• **Records supplied**:

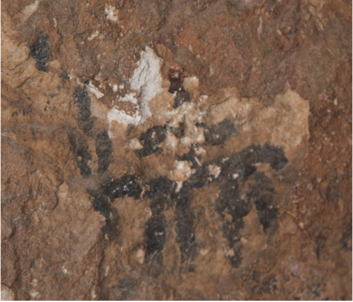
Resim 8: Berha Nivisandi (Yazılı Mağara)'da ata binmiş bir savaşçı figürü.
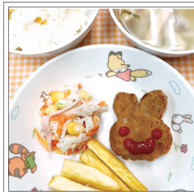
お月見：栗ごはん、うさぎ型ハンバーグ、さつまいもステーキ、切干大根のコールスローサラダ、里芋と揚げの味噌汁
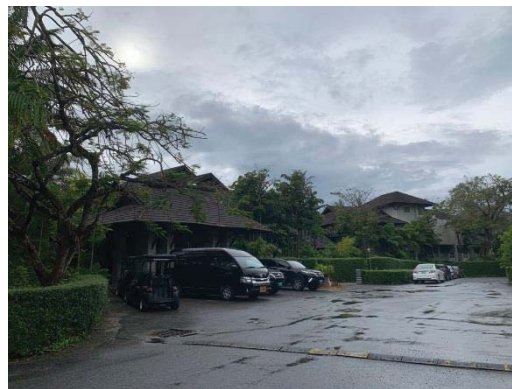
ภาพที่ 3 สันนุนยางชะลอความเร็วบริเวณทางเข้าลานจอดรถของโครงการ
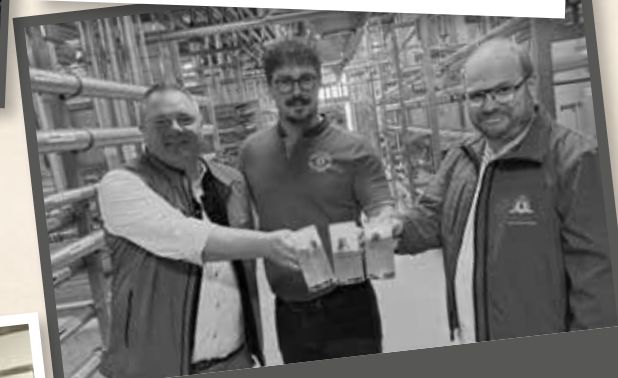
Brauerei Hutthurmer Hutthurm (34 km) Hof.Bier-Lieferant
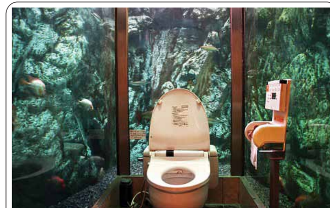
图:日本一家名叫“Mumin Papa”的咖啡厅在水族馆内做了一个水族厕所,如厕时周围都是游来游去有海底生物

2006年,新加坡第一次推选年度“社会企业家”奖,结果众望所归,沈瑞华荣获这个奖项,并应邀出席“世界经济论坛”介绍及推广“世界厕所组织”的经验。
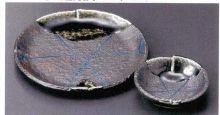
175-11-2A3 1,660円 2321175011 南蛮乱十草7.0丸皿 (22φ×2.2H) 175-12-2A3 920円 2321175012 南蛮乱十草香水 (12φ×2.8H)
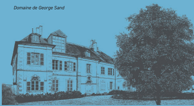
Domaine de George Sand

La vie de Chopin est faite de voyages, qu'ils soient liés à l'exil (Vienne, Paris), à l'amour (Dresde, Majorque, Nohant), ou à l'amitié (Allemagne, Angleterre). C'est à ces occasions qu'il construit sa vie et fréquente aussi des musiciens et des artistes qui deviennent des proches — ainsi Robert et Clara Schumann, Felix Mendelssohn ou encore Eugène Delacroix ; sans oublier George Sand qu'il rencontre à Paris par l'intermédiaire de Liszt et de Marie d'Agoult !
* * *
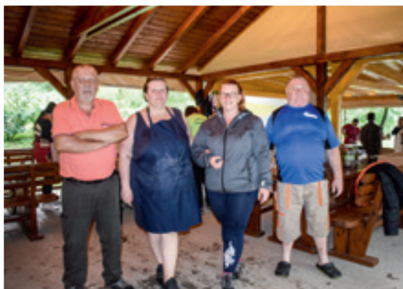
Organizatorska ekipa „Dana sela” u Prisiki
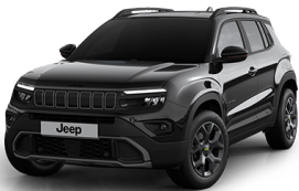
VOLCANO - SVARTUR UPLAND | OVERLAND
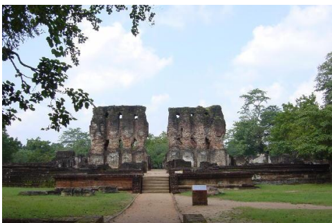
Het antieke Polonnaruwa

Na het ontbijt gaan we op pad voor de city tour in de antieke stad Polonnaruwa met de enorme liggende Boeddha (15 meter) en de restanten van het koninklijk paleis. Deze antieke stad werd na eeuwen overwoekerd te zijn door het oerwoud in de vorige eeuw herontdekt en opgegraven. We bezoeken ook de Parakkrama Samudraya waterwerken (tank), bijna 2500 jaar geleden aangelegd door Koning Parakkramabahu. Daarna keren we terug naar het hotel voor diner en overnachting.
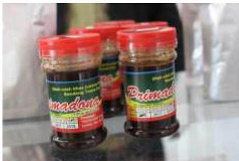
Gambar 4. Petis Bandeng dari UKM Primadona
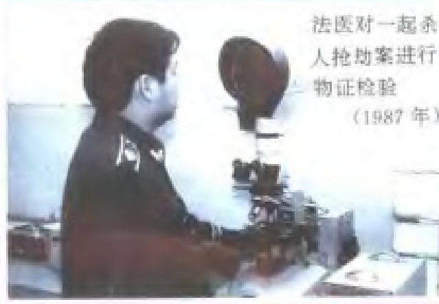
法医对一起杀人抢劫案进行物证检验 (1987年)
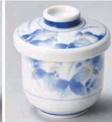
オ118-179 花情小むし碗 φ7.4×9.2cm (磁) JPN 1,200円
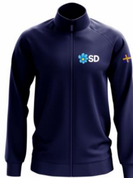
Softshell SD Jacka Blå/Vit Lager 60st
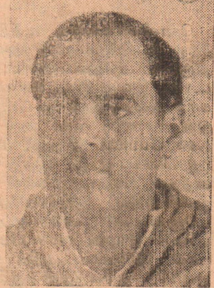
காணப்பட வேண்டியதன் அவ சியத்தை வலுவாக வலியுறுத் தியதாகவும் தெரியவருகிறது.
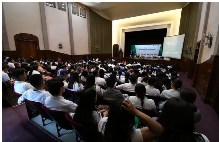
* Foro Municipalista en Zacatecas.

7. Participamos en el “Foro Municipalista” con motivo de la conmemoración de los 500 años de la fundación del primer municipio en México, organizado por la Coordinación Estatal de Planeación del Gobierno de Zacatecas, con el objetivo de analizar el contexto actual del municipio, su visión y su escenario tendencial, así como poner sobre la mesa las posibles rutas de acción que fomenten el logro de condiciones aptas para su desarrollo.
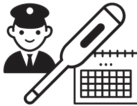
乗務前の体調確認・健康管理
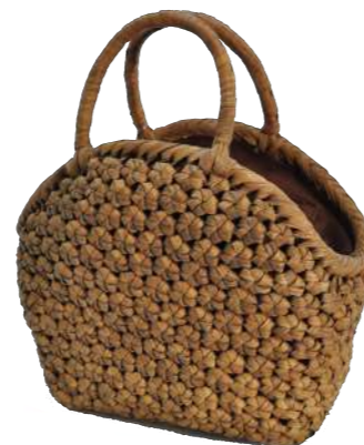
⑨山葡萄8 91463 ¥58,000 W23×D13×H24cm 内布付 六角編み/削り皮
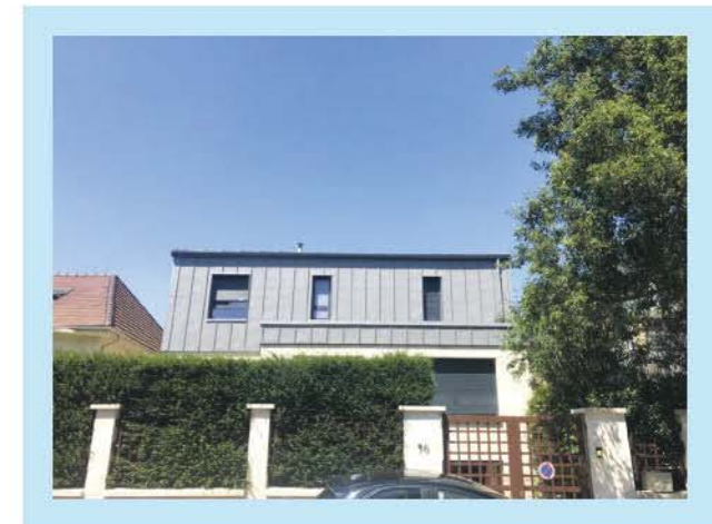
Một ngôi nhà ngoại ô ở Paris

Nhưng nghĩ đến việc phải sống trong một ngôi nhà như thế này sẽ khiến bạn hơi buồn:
...
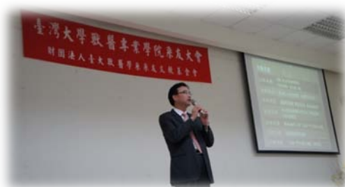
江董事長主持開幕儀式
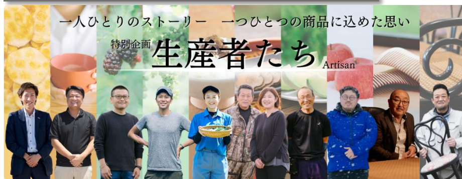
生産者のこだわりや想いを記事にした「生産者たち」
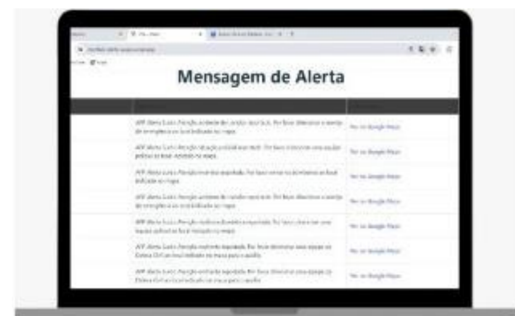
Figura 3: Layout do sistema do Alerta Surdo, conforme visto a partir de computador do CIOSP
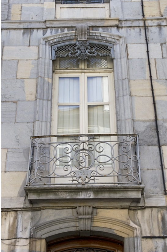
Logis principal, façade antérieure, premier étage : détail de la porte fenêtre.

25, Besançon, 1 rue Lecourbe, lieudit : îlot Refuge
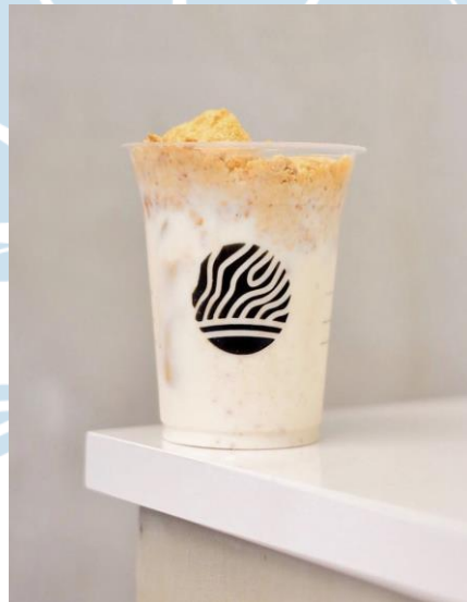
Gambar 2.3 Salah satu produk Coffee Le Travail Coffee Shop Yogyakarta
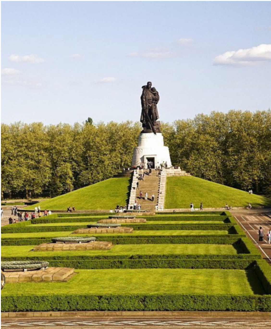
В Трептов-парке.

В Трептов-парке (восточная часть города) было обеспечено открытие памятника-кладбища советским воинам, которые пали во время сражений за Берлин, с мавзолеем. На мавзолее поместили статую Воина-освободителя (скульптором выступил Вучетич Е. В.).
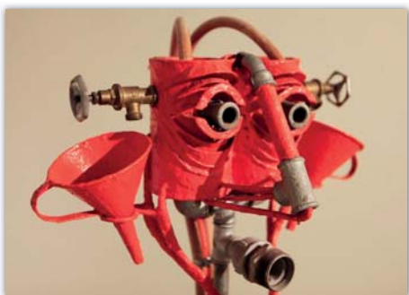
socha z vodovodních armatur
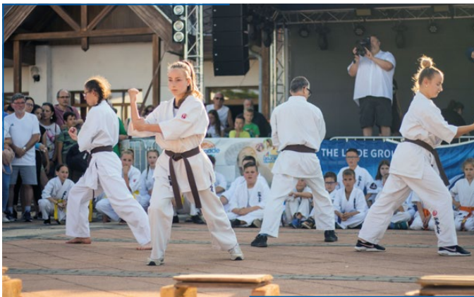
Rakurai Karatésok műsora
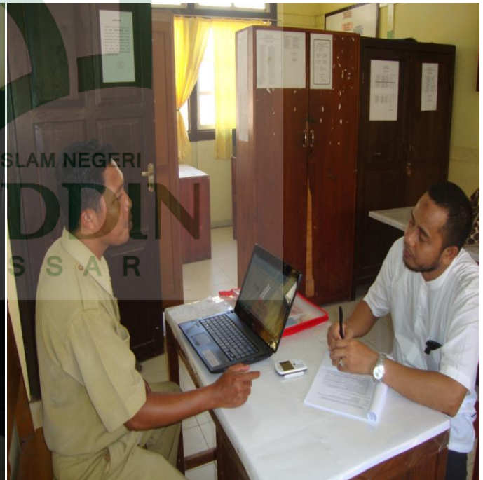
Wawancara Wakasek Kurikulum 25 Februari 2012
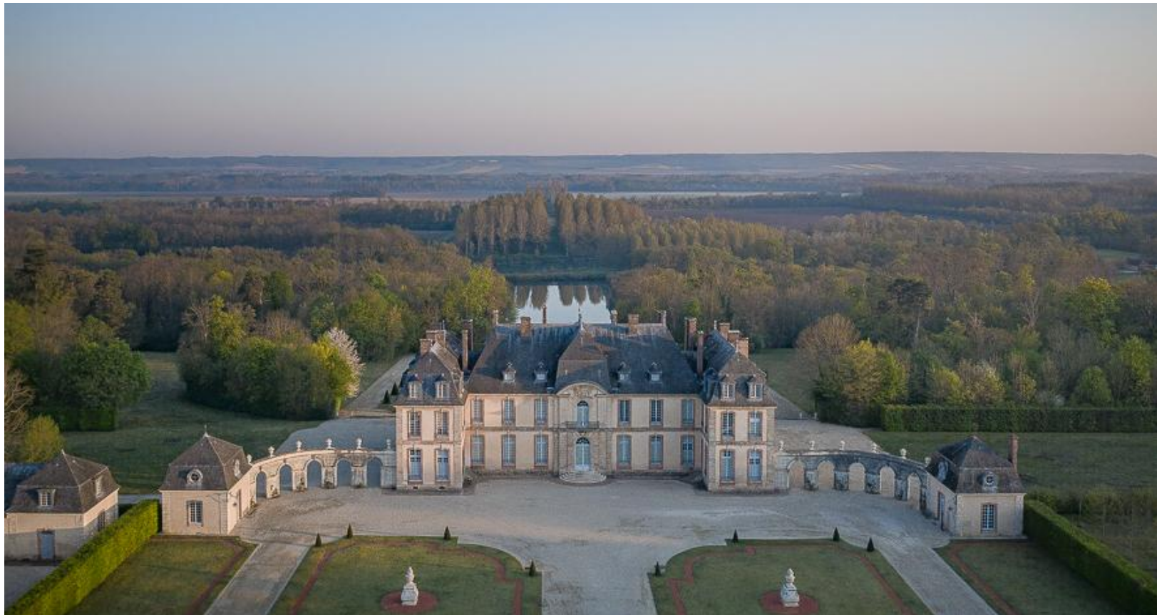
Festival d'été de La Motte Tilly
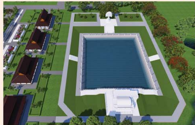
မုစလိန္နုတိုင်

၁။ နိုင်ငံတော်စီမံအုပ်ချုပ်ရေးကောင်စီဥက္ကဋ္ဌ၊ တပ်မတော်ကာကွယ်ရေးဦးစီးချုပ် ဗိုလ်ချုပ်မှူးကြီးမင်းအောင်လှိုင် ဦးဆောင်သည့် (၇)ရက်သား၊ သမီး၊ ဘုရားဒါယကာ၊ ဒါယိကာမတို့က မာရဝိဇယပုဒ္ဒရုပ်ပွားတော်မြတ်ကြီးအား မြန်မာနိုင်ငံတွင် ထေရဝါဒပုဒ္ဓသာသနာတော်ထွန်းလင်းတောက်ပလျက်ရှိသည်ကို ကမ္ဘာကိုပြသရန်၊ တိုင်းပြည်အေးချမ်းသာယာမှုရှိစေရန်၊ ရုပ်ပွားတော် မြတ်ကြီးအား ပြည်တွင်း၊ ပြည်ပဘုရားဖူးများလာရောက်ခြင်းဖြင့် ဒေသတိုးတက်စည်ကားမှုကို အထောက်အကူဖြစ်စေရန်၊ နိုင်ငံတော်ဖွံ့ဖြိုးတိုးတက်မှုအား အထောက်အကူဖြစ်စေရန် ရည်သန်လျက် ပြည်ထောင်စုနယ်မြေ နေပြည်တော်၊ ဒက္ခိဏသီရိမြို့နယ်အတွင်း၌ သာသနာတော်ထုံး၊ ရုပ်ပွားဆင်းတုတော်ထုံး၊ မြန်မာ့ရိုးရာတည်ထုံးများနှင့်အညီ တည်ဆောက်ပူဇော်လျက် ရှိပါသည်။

• **Exercise description**:
Print an exact copy of the lines above, from the one containing "法医对一起杀人抢劫案进行物证检验 (1987年)" through the one containing "Municipalista en Zacatecas.", and leave out the pictures.

• **Answer section**:
法医对一起杀人抢劫案进行物证检验 (1987年)
オ118-179 花情小むし碗 φ7.4×9.2cm (磁) JPN 1,200円
Softshell SD Jacka Blå/Vit Lager 60st
காணப்பட வேண்டியதன் அவ சியத்தை வலுவாக வலியுறுத் தியதாகவும் தெரியவருகிறது.
* Foro Municipalista en Zacatecas.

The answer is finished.